3.3. Functional Enrichment Analysis

A functional enrichment analysis of the unigenes from the eight significant trends showed that there were 104, 54, and 46 GO terms for biological processes, molecular functions, and cellular components, respectively, identified for GO function enrichment (see Supplementary Table 1 in Supplementary Material available online at http://dx.doi.org/10.1155/2016/2895303), and 272 pathways identified for KEGG pathway enrichment (Supplementary Table 2). For GO enrichment data, trends 0, 2, 3, 24, 26, 28, and 29 were involved in biological processes, where most unigenes belonged to trend 3 and were related to various metabolic processes.
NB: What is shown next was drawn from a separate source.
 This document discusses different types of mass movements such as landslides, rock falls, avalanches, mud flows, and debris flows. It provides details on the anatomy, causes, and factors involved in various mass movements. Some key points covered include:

Trends 0, 3, 24, 28, and 29 were involved in molecular function, where most unigenes fell within trends 0, 3, and 28, and were related to binding and catalytic activity. Only trends 0, 3, 28, and 29 were involved in cellular components, and most unigenes fell within trend 3 and were involved in processes related to membranes and organelles.
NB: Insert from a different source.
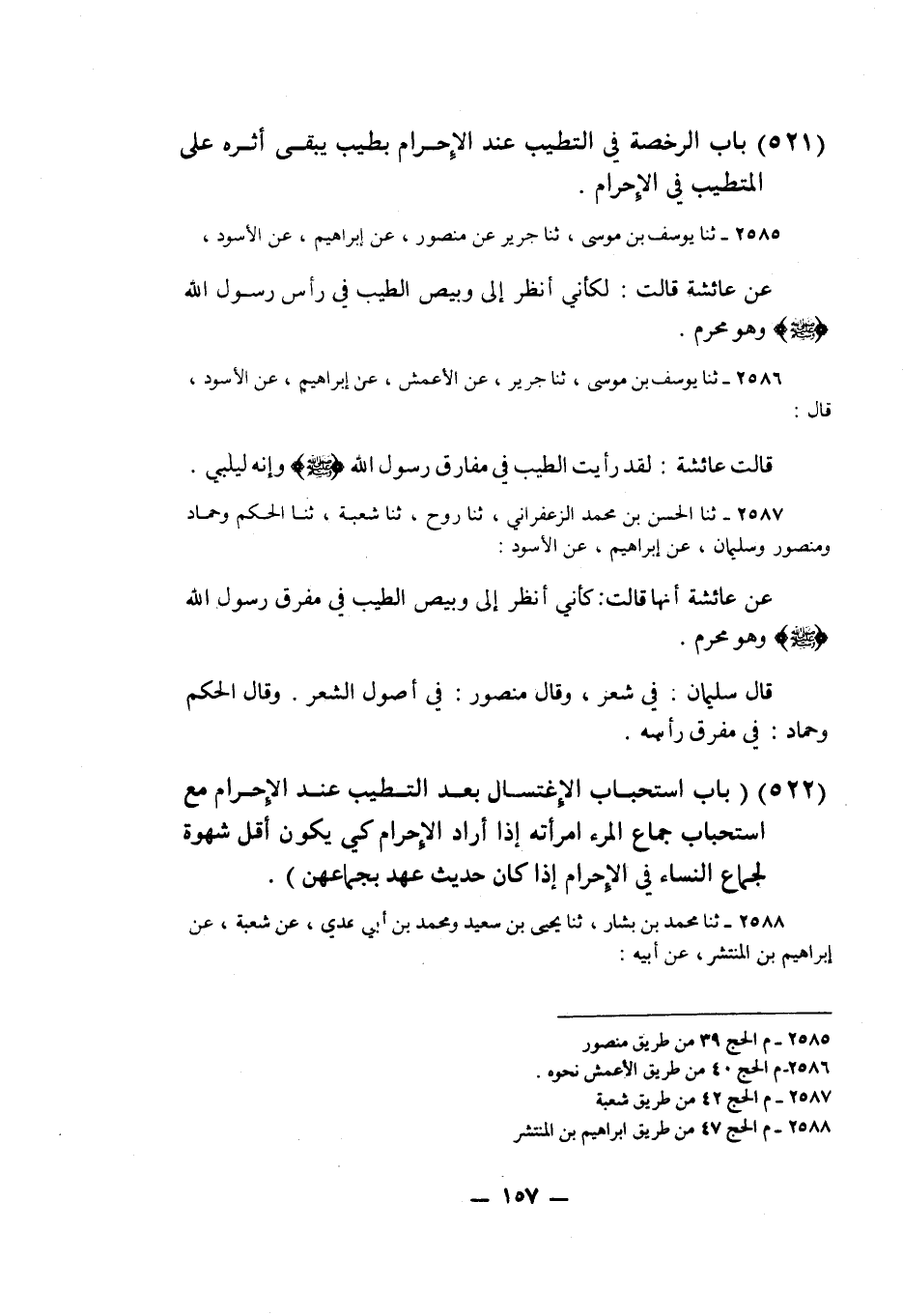 2585 - ثنا يُوسُفُ بْنُ مُوسَى، ثنا جَرِيرٌ، عَنْ مَنْصُورٍ، عَنْ إِبْرَاهِيمَ، عَنِ الْأَسْوَدِ، عَنْ عَائِشَةَ قَالَتْ: «§لَكَأَنِّي أَنْظُرُ إِلَى وَبِيصِ الطِّيبِ فِي رَأْسِ رَسُولِ اللَّهِ صَلَّى اللهُ عَلَيْهِ وَسَلَّمَ وَهُوَ مُحْرِمٌ»

Trends 0, 2, 3, 24, 26, 27, 28, and 29 were implicated in KEGG pathway enrichment. For 272 significant enriched pathways, 81 pathways were observed in trend 29, 77 in trend 28, 30 in trend 27, and 27 in trend 26 (Supplementary Table 2). In trends 28 and 29, most unigenes were involved in immune responses.

In trend 0, GO enrichment showed that macromolecule metabolic processes were the dominant groups in biological process, followed by positive regulation of biological process. For pathways involved in molecular function, DNA binding was the most representative category, while for cellular component pathways, all of the genes participate in processes integral to the inner mitochondrial membrane and are intrinsic to the inner mitochondrial membrane. In the KEGG category, spliceosomes were prevalent, followed by genes involved in the cell cycle.
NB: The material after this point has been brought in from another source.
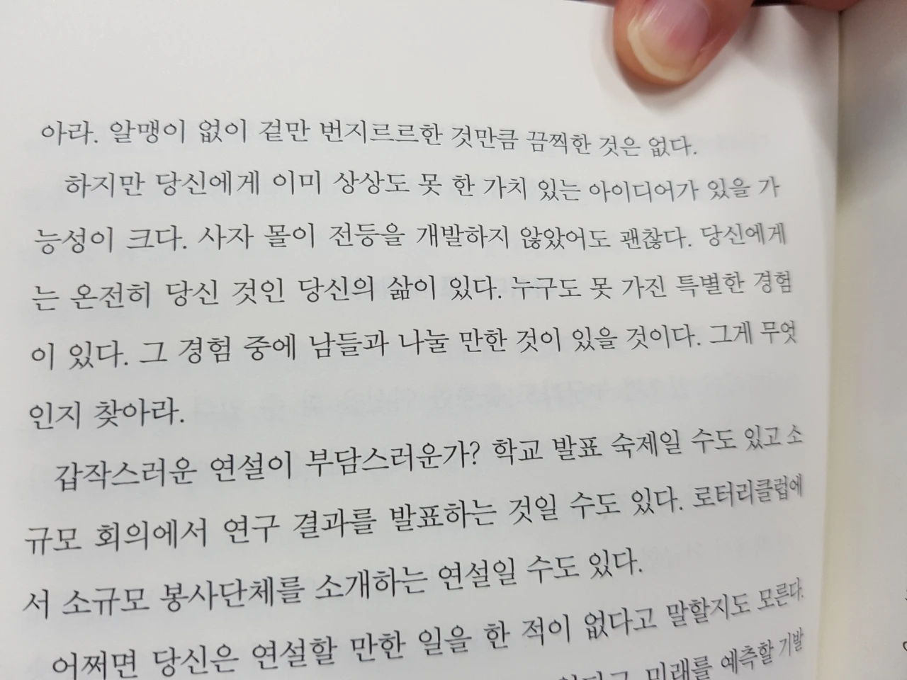 연설과 아이디어, 자신의 분야의 이야기는 옆 사람이 공감하고 들어줄 만한 경험에서 나온 소소한 아이디어다.

In trend 3, GO enrichment data showed that 6,653 DEG unigenes were further categorized into 43 functional groups; among them, macromolecule metabolic processes were the dominant groups in biological process, followed by cellular macromolecule metabolic processes. In the molecular function category, a high percentage of genes came from the binding and protein binding groups. Spliceosomes were the most representative, followed by RNA transport and regulation of the actin cytoskeleton.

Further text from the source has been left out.